→ Work item
Please begin with the line containing "LANDSCAPE CONSTRUCTION by" and reproduce each line exactly until the records below end, without any pictures.

→ Supplied data
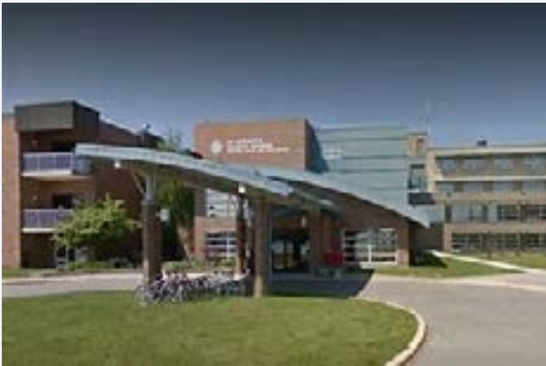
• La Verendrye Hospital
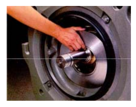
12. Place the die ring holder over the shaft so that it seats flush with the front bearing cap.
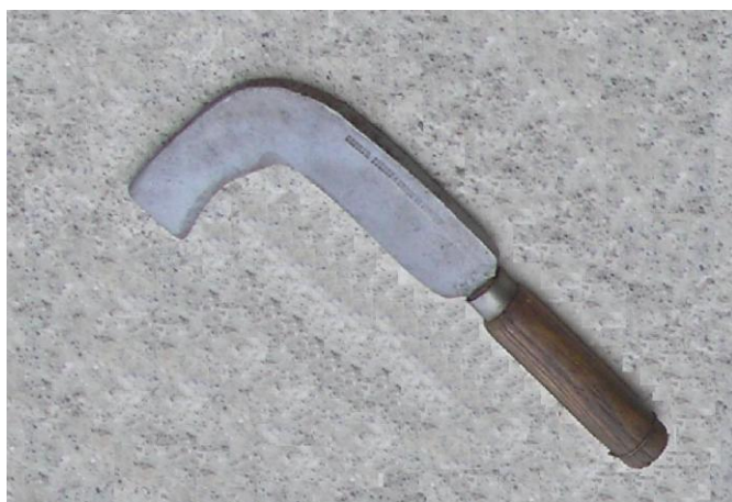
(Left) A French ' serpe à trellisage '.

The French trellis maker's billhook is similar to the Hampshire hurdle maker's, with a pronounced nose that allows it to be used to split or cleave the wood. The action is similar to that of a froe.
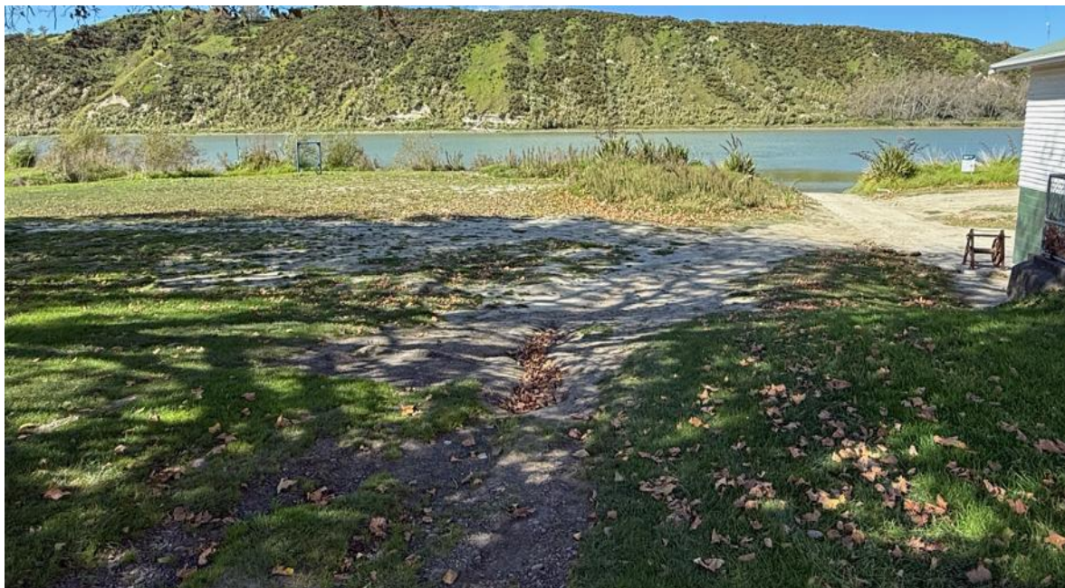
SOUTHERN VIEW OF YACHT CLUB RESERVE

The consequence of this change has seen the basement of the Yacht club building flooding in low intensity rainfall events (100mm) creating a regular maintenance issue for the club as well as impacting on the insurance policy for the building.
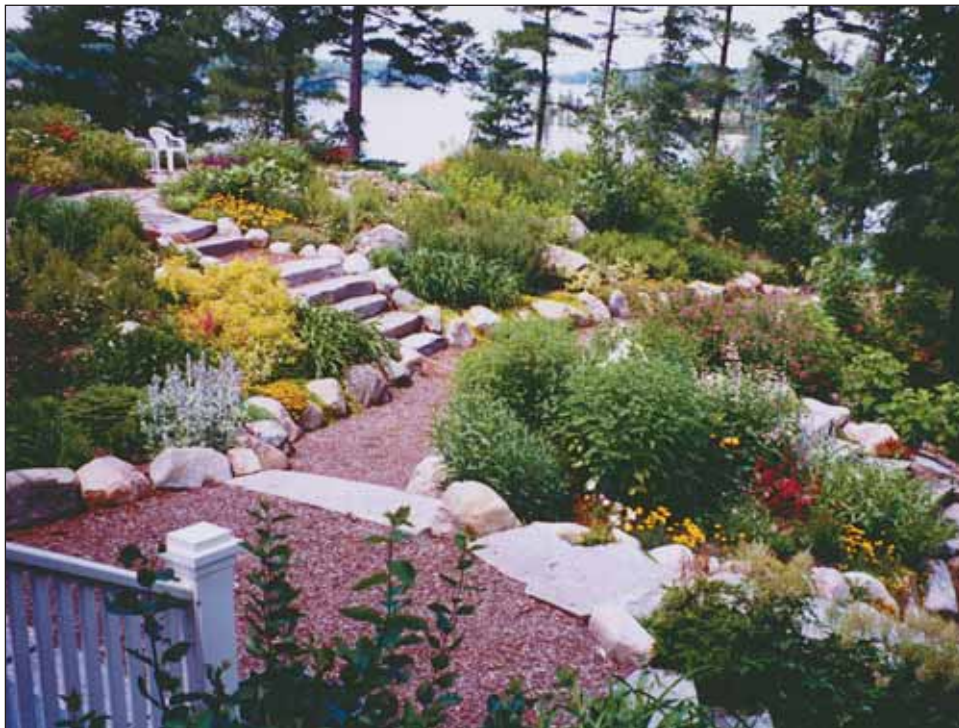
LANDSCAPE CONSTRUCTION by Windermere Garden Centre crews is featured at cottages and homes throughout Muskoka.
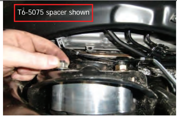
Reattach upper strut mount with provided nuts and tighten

→ Solution for this problem
LANDSCAPE CONSTRUCTION by Windermere Garden Centre crews is featured at cottages and homes throughout Muskoka.
Reattach upper strut mount with provided nuts and tighten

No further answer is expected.